The reason there isn't condensation on the door or windows, the room temperature is keeping those surfaces above dew point temperature. Insulated doors and dual pane windows are actually insulated on the exterior. That is, insulating the cold air from the interior surface where condensation would appear.

Insulation on the interior of the walls prevents the walls benefiting from room temperature and those wall sections above exterior back fill grade line are getting cold enough to condense moisture while the portion of the walls below grade are earth insulated from the exterior cold and remaining above DP temp. 

So in conclusion we can see the most sensible solution is to insulate the exterior and prevent the walls interior surface ever coming down in temperature to dew point or below.

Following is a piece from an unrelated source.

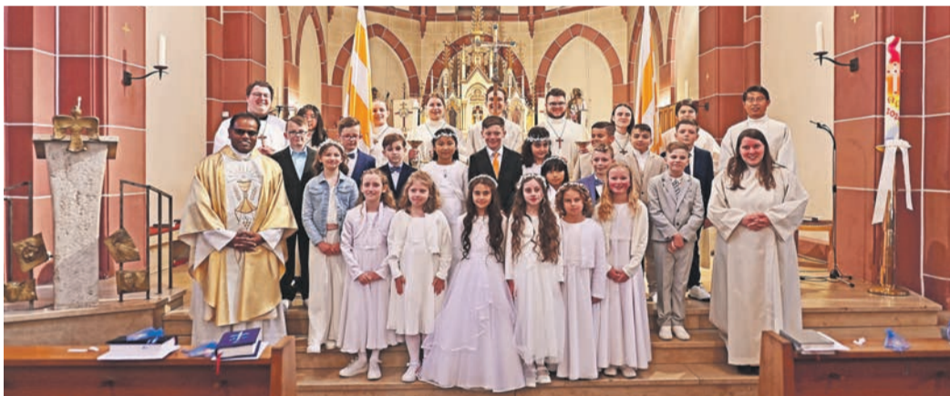
Kommunionkinder aus Jügesheim 2. Gruppe.

Beratung und Auskünfte: Telefon 061 06/2 6997-0

What interior insulation would ever work to prevent condensation I do not know. But I do know the interior wall surface temperature must stay above dew point temp. and any interior insulation must prevent the air within the living space from reaching the interior wall surface if the dew point of that air is above wall surface temperature.

This handy calculator will give some indication of the numbers required.
In the example ( adjust if copy numbers don't transfer ) we can see that if the room air temperature is 70°F, and the relative humidity is 45 percent the wall surface temperature must stay above 47° to prevent condensation. Keep the calculator handy and run some numbers this winter when the weather is conducive to condensation problems.

http://dpcalc.org/


----------



## Mbcflower (Sep 8, 2014)

Our exterior basement walls have vinyl siding on them at this point. How would I insulate the exterior walls?


----------



## SeniorSitizen (Sep 10, 2012)

Mbcflower said:


> Our exterior basement walls have vinyl siding on them at this point. How would I insulate the exterior walls?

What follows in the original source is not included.